▸ **Brief**:
Send back the data below exactly. Drop every picture.

▸ **Dataset excerpt**:
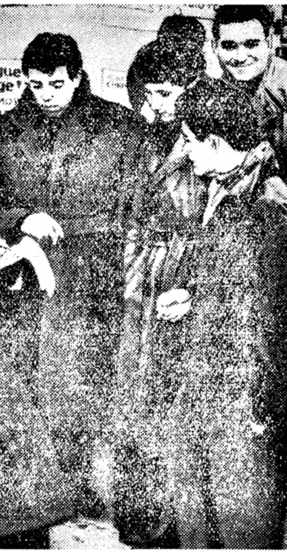
Молодежь французского города Сюрен создала Комитет борьбы за мир в Северной Африке. Представители комитета явились на съезд социалистической партии Франции, состоявшийся некоторое время назад, и заявили: «Мы требуем мира в Алжире и Марокко». На снимке: члены комитета беседуют с корреспондентом молодежной газеты «Авангард».

Эрвин ЦУКЕР-ШИЛЛИНГ, австрийский журналист ВЕНА, 28 февраля. (По телефону)
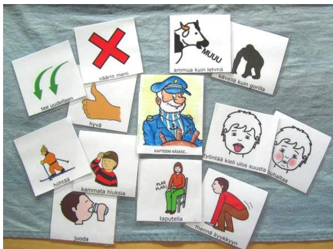
Kuva 9: Kapteeni käskee -leikin kuvia

▸ **Written solution**:
Молодежь французского города Сюрен создала Комитет борьбы за мир в Северной Африке. Представители комитета явились на съезд социалистической партии Франции, состоявшийся некоторое время назад, и заявили: «Мы требуем мира в Алжире и Марокко». На снимке: члены комитета беседуют с корреспондентом молодежной газеты «Авангард».

Эрвин ЦУКЕР-ШИЛЛИНГ, австрийский журналист ВЕНА, 28 февраля. (По телефону)
Kuva 9: Kapteeni käskee -leikin kuvia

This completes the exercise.